In this debate, numbers were presented: with 3.4 million inhabitants and over 1.5 million foreign tourists in just nine months, a study by the consulting firm Equipos estimated that about "100 thousand people per year [...] will enter the tourism sector to consume cannabis if this door is open," which would imply an additional annual demand of up to 1,470 kilograms, based on the 15 grams per month allowed by the regulated system.
At the time, Frente Amplio deputy Eduardo Antonini advocated for an equal access regime for residents and non-residents, with the exception of home cultivation due to its permanent nature, and warned that the current exclusion leads many visitors to the illicit market "with consequent risks."
Retail stores, temporary records, and the questions we all ask
The new factor in the discussion is twofold. On the one hand, the IRCCA is no longer only talking about making life easier for tourists but also about the possibility of creating "sales centers alternative to pharmacies," something that requires the modification of an article in Law 19.172, which left sales exclusively in the hands of these establishments.
"Clearly, we need to modify this point of the law to allow the regulatory body, the IRCCA, to choose the best mechanisms for product marketing, beyond the pharmacy," said Rodríguez.
On the other hand, the debate intersects with old proposals that were never regulated, such as creating temporary records for tourists — which would expire upon leaving the country — or the possibility of authorized tourism companies joining cannabis clubs and offering short-term memberships to their clients, an idea that Antonini defended as a way to "correct an inequality" and boost the local economy.
None of this is definitive: the new administration of Yamandú Orsi and the IRCCA, led by Rodríguez, will have to translate these alternatives into concrete texts, negotiate parliamentary majorities, and only then define how access will be for non-residents.
What could the opening of access to tourists and non-residents mean?
If Uruguay finally allows the legal purchase of cannabis for adult use by tourists and non-residents, the change could be interpreted at various levels:
From an economic perspective, it is about capturing a segment of cannabis tourism that already exists globally and moves about 17 billion dollars a year between flowers, derivatives, experiences, and associated services in countries like the USA. In terms of health and safety, this implies offering standardized and traceable products to people who already consume them, but without guarantees of quality or origin, which, in turn, fuels drug trafficking.

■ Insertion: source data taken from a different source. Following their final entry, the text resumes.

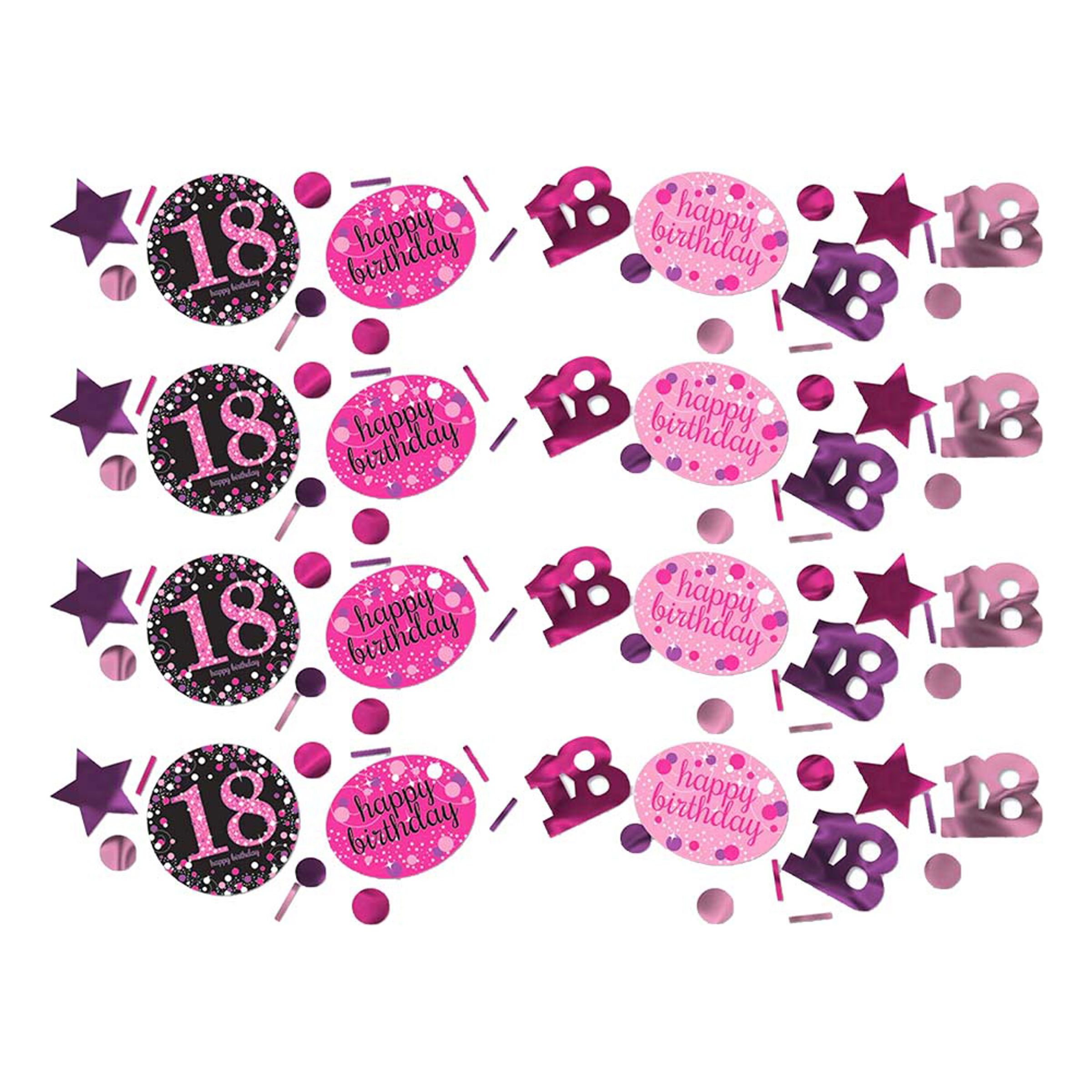 Bordskonfetti 18 Svart/Rosa Glitter inkluderar 34 gram konfetti med olika motiv som "Happy Birthday", "18" och stjärnor. Den här konfettin i svart och rosa är idealisk att dekorera med på ett 18-årskalas!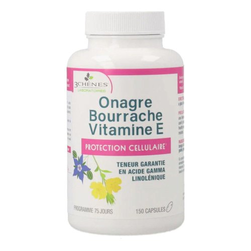 Olio di oenothera 500 mg; olio di borragine 500 mg; acido gamma lonolenico totale 150 mg; vitamina E 6,7 mg (55,8% RDA).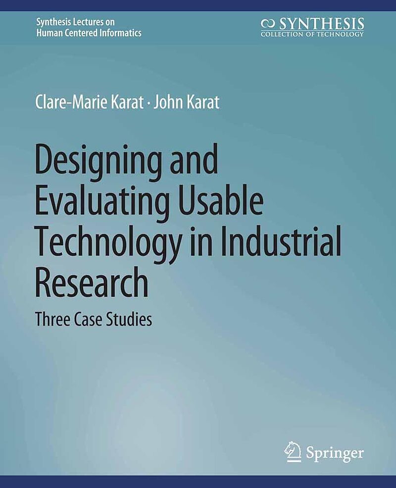 This book is about HCI research in an industrial research setting. It is based on the experiences of two researchers at the IBM T. J. Watson Research Center. Over the last two decades, Drs. John and Clare-Marie Karat have conducted HCI research to create inno...This book is about HCI research in an industrial research setting. It is based on the experiences of two researchers at the IBM T. J. Watson Research Center. Over the last two decades, Drs. John and Clare-Marie Karat have conducted HCI research to create innovative usable technology for users across a variety of domains. We begin the book by introducing the reader to the context of industrial research as well as a set of common themes or guidelines to consider in conducting HCI research in practice. Then case study examples of HCI approaches to the design and evaluation of usable solutions for people are presented and discussed in three domain areas: - item Conversational speech technologies, - item Personalization in eCommerce, and - item Security and privacy policy management technologies In each of the case studies, the authors illustrate and discuss examples of HCI approaches to design and evaluation that worked well and those that did not. They discuss what was learned over time about different HCI methods in practice, and changes that were made to the HCI tools used over time. The Karats discuss trade-offs and issues related to time, resources, and money and the value derived from different HCI methods in practice. These decisions are ones that need to be made regularly in the industrial sector. Similarities and differences with the types of decisions made in this regard in academia will be discussed. The authors then use the context of the three case studies in the three research domains to draw insights and conclusions about the themes that were introduced in the beginning of the book. The Karats conclude with their perspective about the future of HCI industrial research. Table of Contents: Introduction: Themes and Structure of the Book / Case Study 1: Conversational Speech Technologies: Automatic Speech Recognition (ASR) / Case Study 2: Personalization in eCommerce / Case Study 3: Security and Privacy Policy Management Technologies / Insights and Conclusions / The Future of Industrial HCI Research

And in terms of rights, this echoes Radío's concern about a "fundamental inequality" in a law that allows residents to smoke in regulated channels while pushing outsiders into the market that the regulation itself sought to dismantle.

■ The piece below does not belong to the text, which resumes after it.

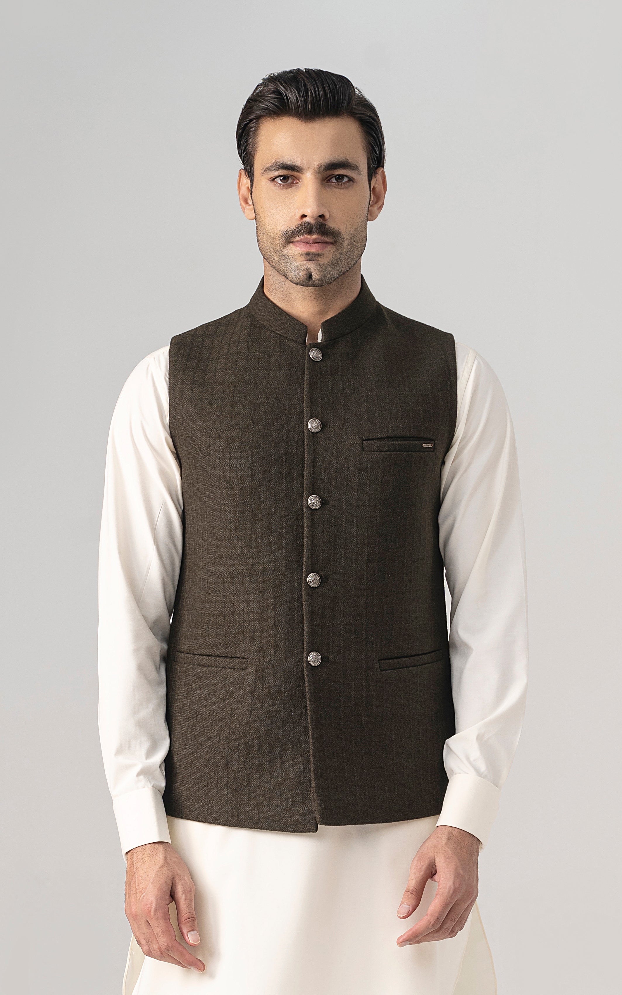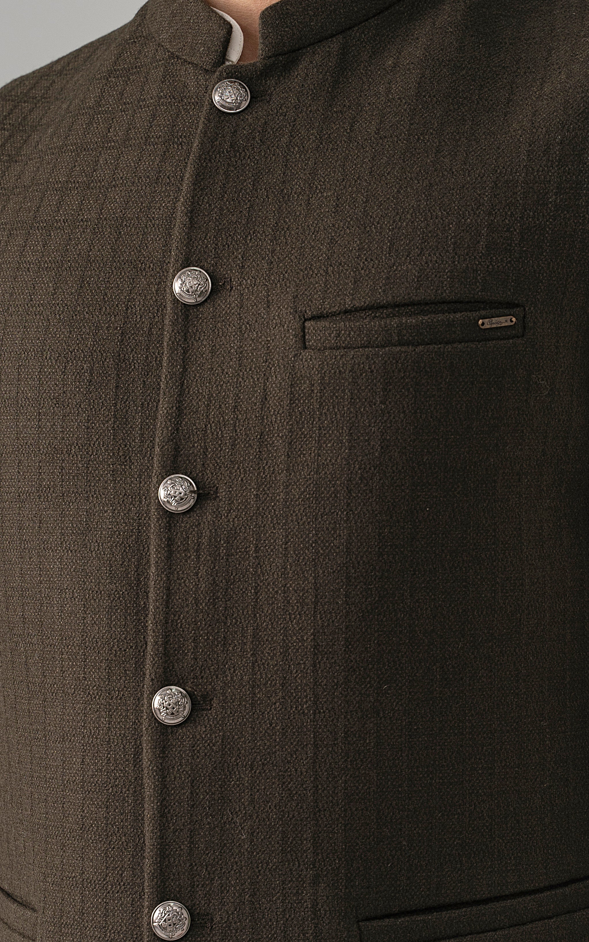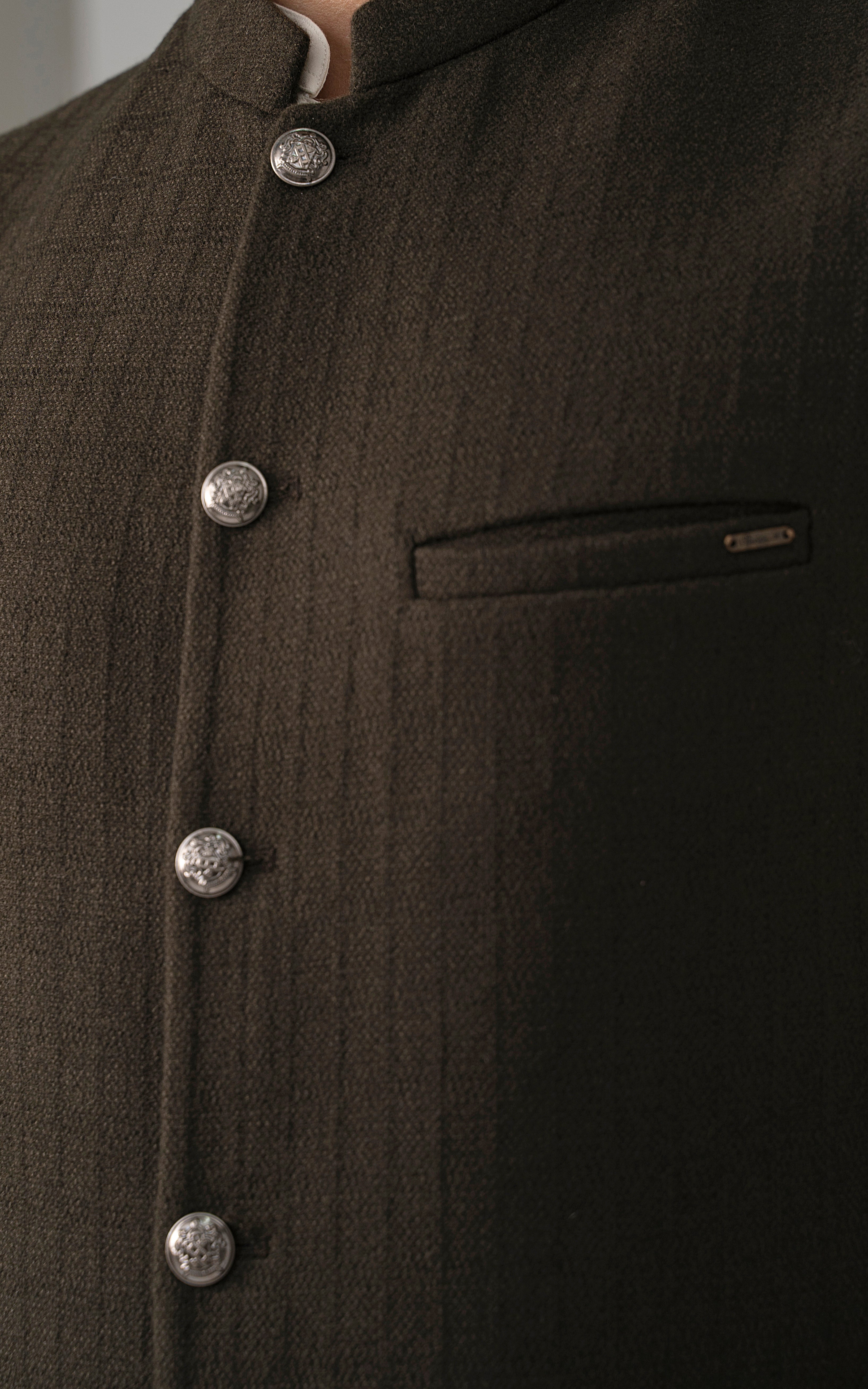 this is one of the most eminent fabric in our blended wool collection. this masterpiece is a class by itself when worn. this astonishing wool blend is an excellent fabric which will give you a classy look. it has only dark colors in its palette. straight ban upper front single bone pocket with trim detail single bone pockets on front visible placket full contrast lining inside straight hem special buttons textured woolen waistcoat

Twelve years after the law advocated by former President Mujica, and after several failed attempts to open the doors to visitors, the IRCCA's momentum may finally be gaining strength. Under the new government of Orsi, this suggests that Uruguay does not want to remain stuck in a gradual regulatory experiment, rather than a fully developed model capable of integrating those who visit the country for just a few days or months.
The question now is whether 2025 will finally be the year when "cannabis tourism" stops being a headline and becomes a daily practice, or if sales to non-residents will continue to be the unfulfilled promise of Uruguayan regulation and a harsh blow to illicit sales.